DATA TO USE:
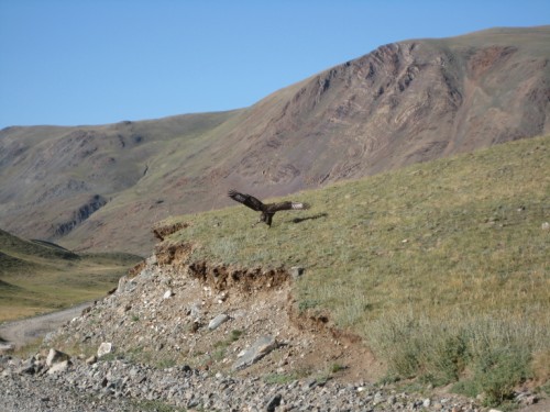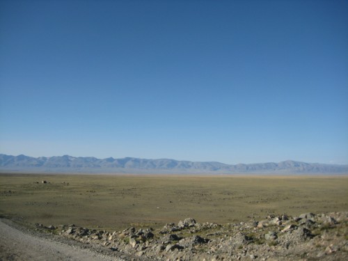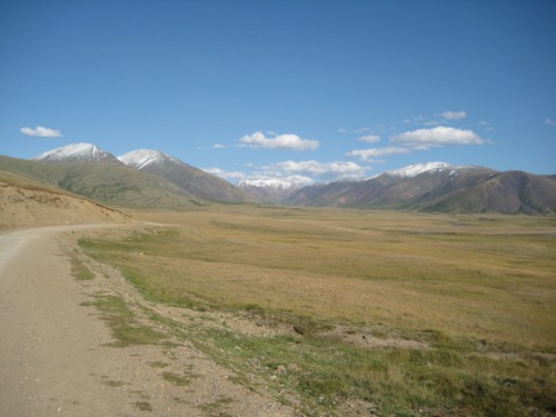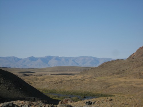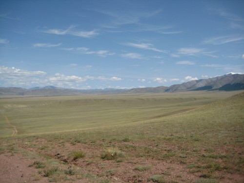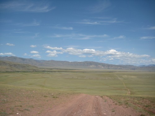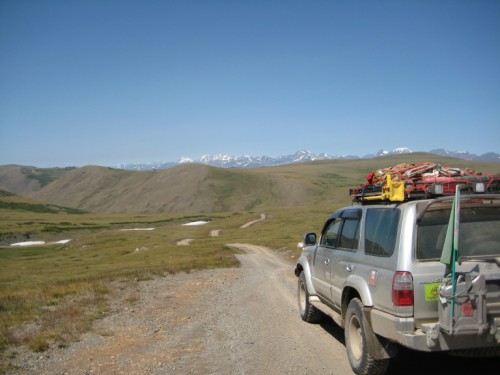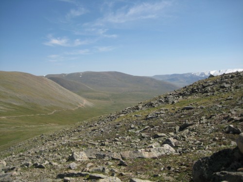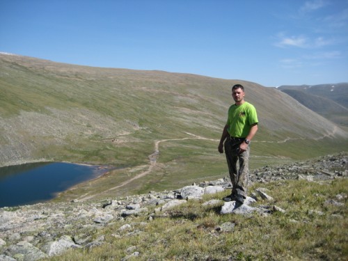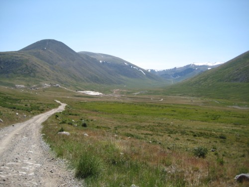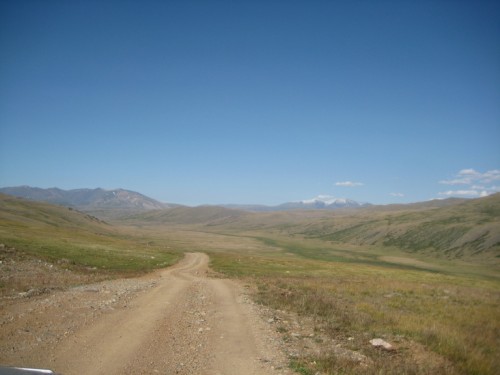 Мы с Сережкой решаем, для полного счастья добежать по горам до отметки 3000метров, и любуемся от туда просторами и проходящей по ним дорогой на Укок.
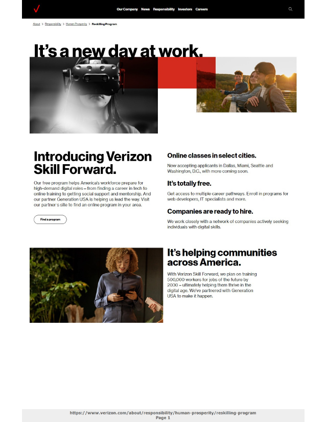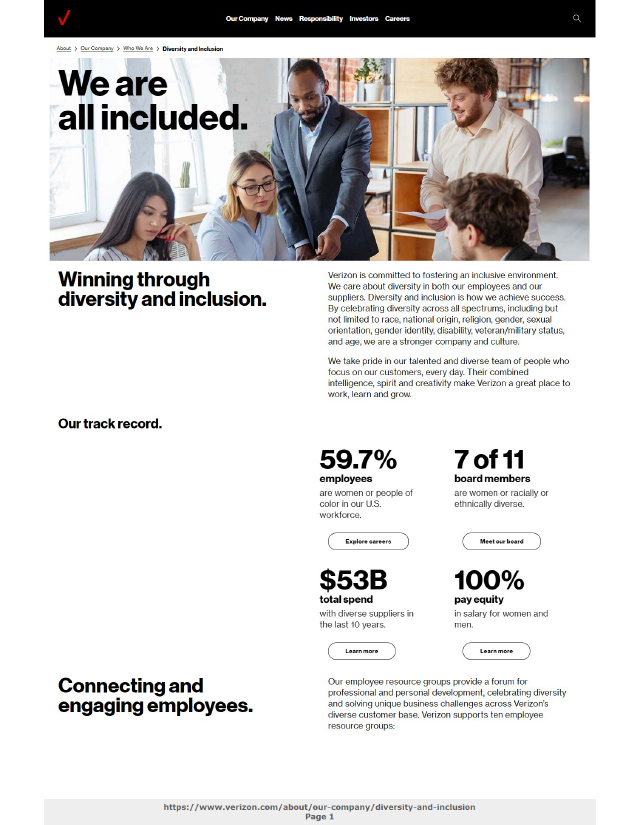 Verizon Click on each thumbnail to view a full readable PDF of the page. Diversity and Inclusion Company History Upskilling and Reskilling Share this: Share on X (Opens in new window) X Share on Facebook (Opens in new window) Facebook Like Loading...
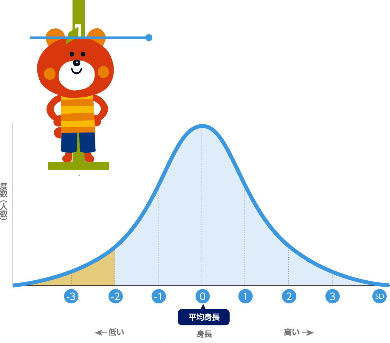 同年齢の子どもが1000人いたとすると約22人が-2SD以下になります。今の身長が標準範囲内でも成長曲線が標準曲線をまたいで低下したり、上昇したりする場合は診察が必要です。
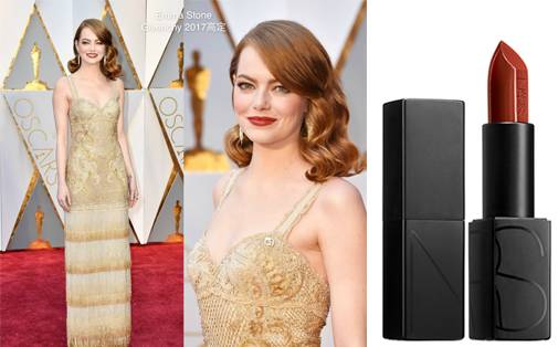 奥斯卡中的造型则更为惊艳。礼服为金色Givenchy 2017高定款,优雅华丽;口红则选择了Nars的Mona色号,显得石头姐的皮肤更加白皙,不得不说,唇色为整体造型提分不少!
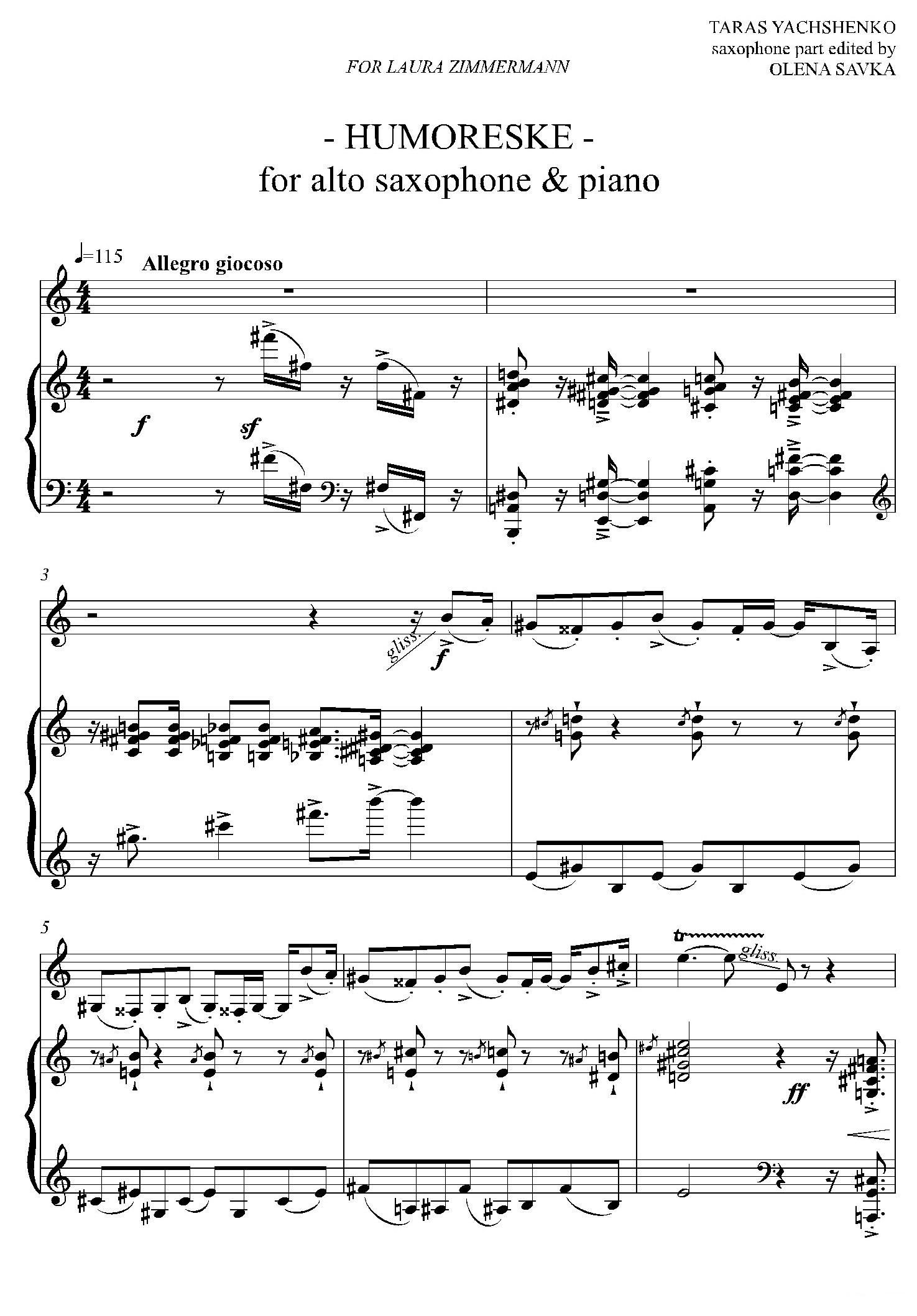 HUMORESKE 中音萨克斯 钢琴伴奏
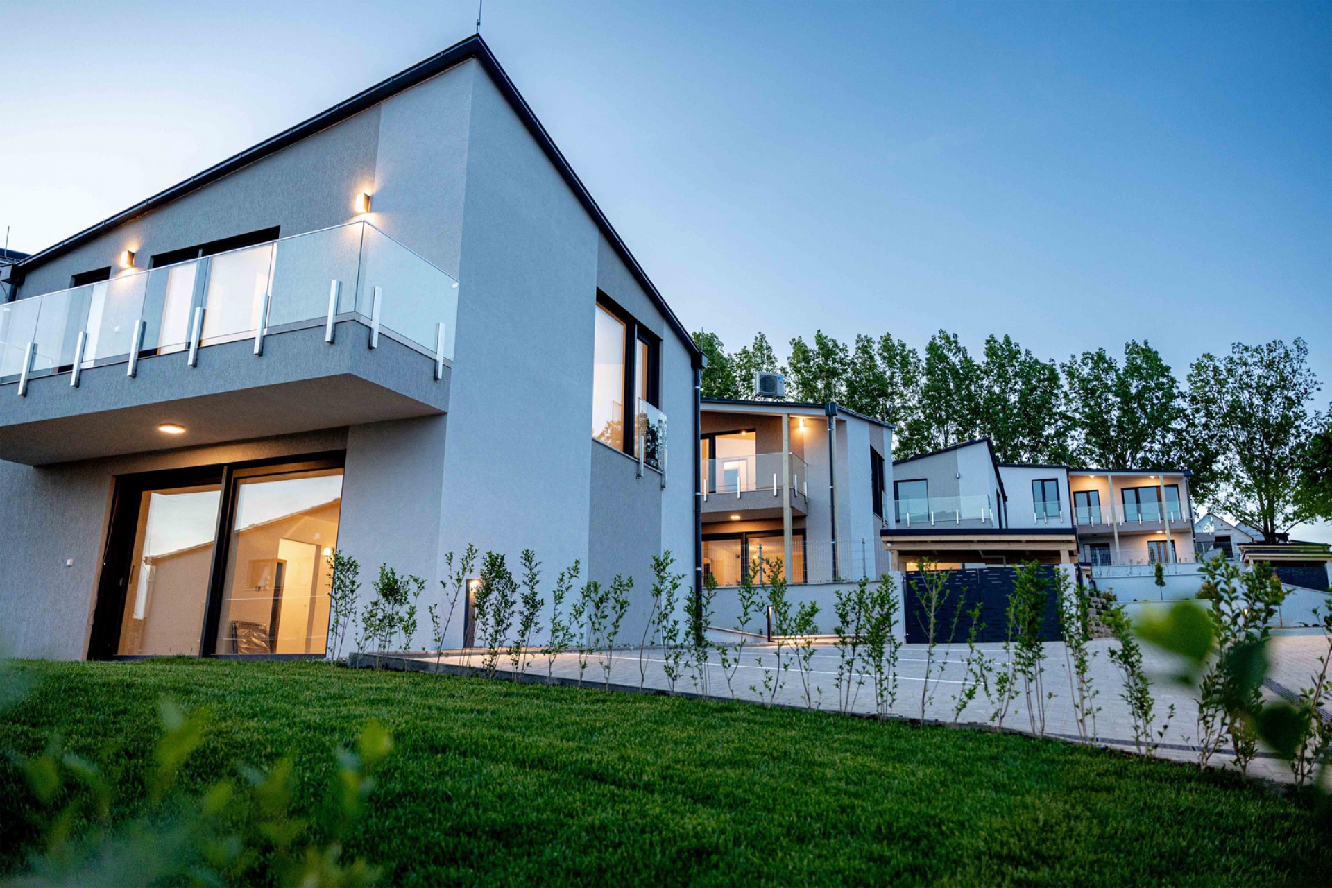 Minden ingatlanhoz saját kertrész tartozik öntözőrendszerrel kiépítve.
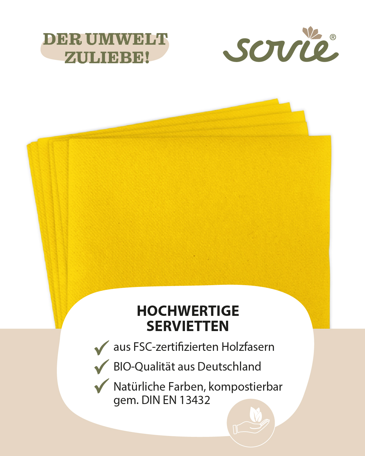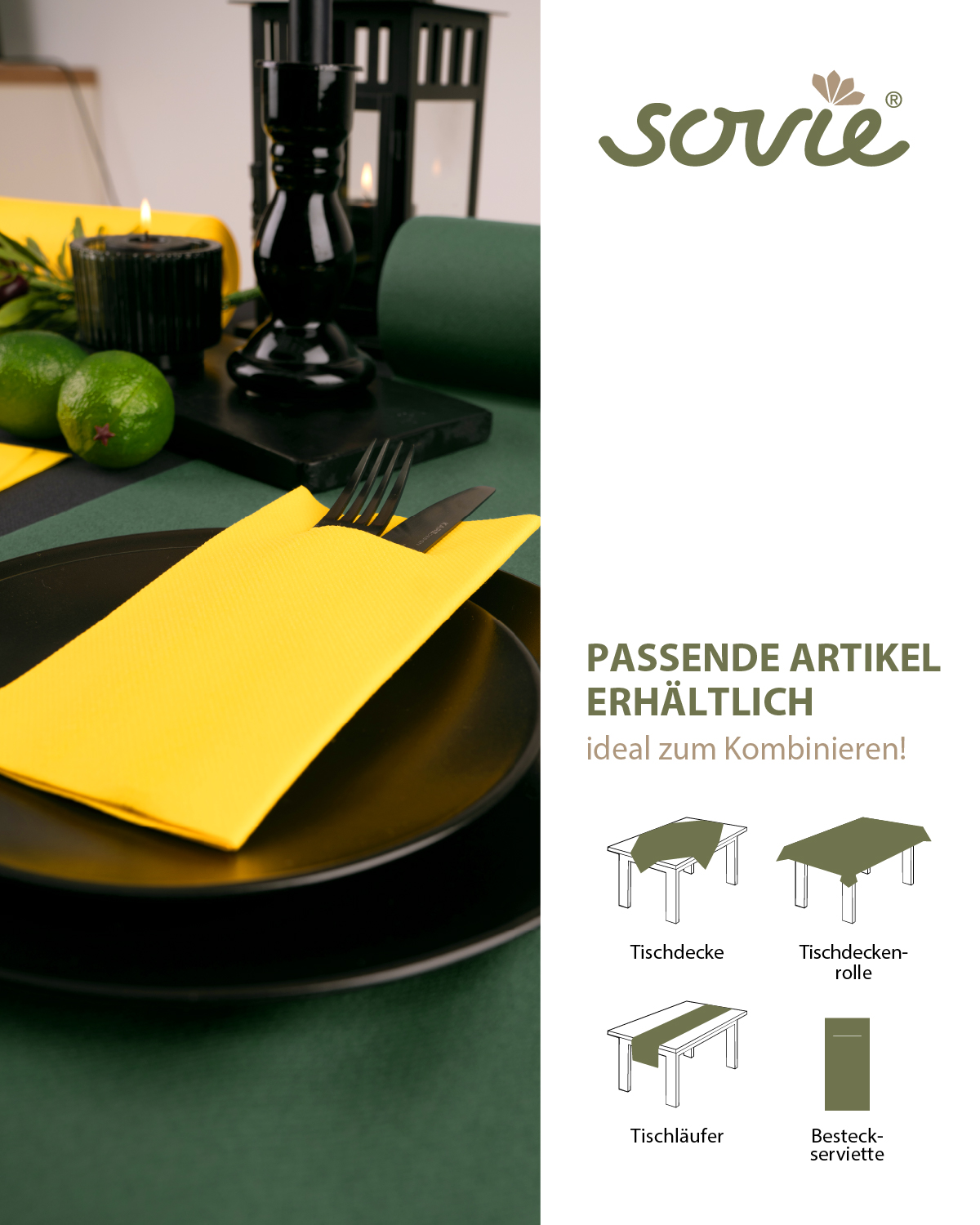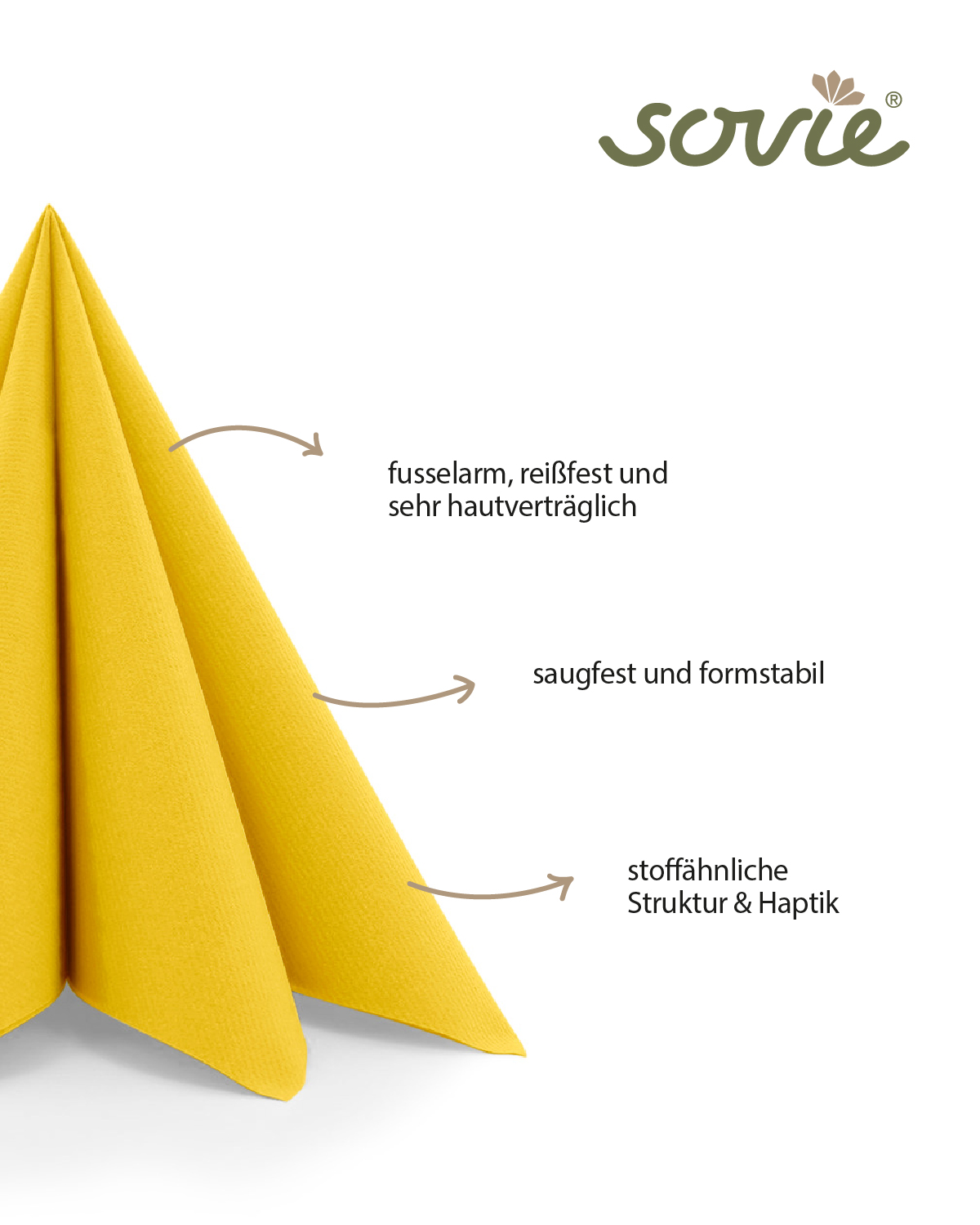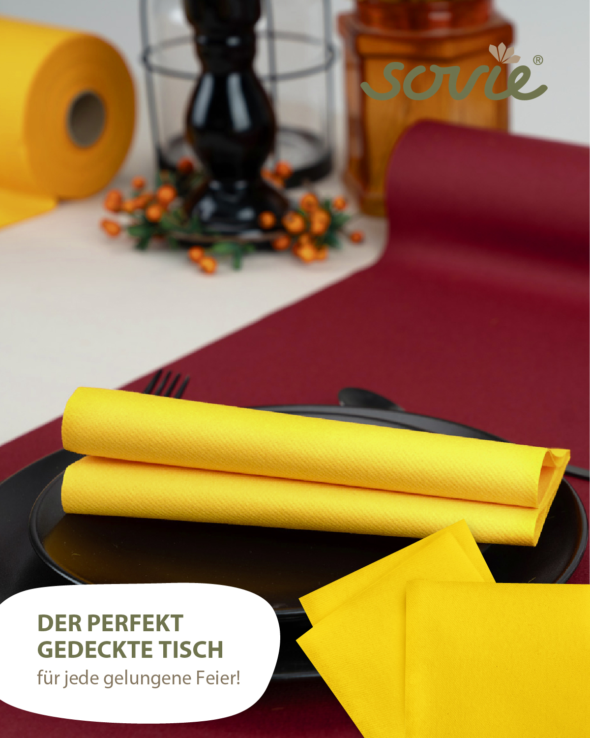 Die praktische 1/4 Falz-Form ermöglicht eine einfache Handhabung und sorgt für eine gepflegte Präsentation bei jeder Veranstaltung. Ob bei einer eleganten Hochzeit, einem stilvollen Dinner oder einem festlichen Anlass – die Serviette in GELB wird Ihre Tischdekoration bereichern und eine luxuriöse, ansprechende Atmosphäre schaffen, die Ihre Gäste beeindruckt.

EXERCISE BRIEF:
Excluding the pictures, restate the records above word for word.

RESULT OF THIS TASK:
 Мы с Сережкой решаем, для полного счастья добежать по горам до отметки 3000метров, и любуемся от туда просторами и проходящей по ним дорогой на Укок.
 Verizon Click on each thumbnail to view a full readable PDF of the page. Diversity and Inclusion Company History Upskilling and Reskilling Share this: Share on X (Opens in new window) X Share on Facebook (Opens in new window) Facebook Like Loading...
 同年齢の子どもが1000人いたとすると約22人が-2SD以下になります。今の身長が標準範囲内でも成長曲線が標準曲線をまたいで低下したり、上昇したりする場合は診察が必要です。
 奥斯卡中的造型则更为惊艳。礼服为金色Givenchy 2017高定款,优雅华丽;口红则选择了Nars的Mona色号,显得石头姐的皮肤更加白皙,不得不说,唇色为整体造型提分不少!
 HUMORESKE 中音萨克斯 钢琴伴奏
 Minden ingatlanhoz saját kertrész tartozik öntözőrendszerrel kiépítve.
 Die praktische 1/4 Falz-Form ermöglicht eine einfache Handhabung und sorgt für eine gepflegte Präsentation bei jeder Veranstaltung. Ob bei einer eleganten Hochzeit, einem stilvollen Dinner oder einem festlichen Anlass – die Serviette in GELB wird Ihre Tischdekoration bereichern und eine luxuriöse, ansprechende Atmosphäre schaffen, die Ihre Gäste beeindruckt.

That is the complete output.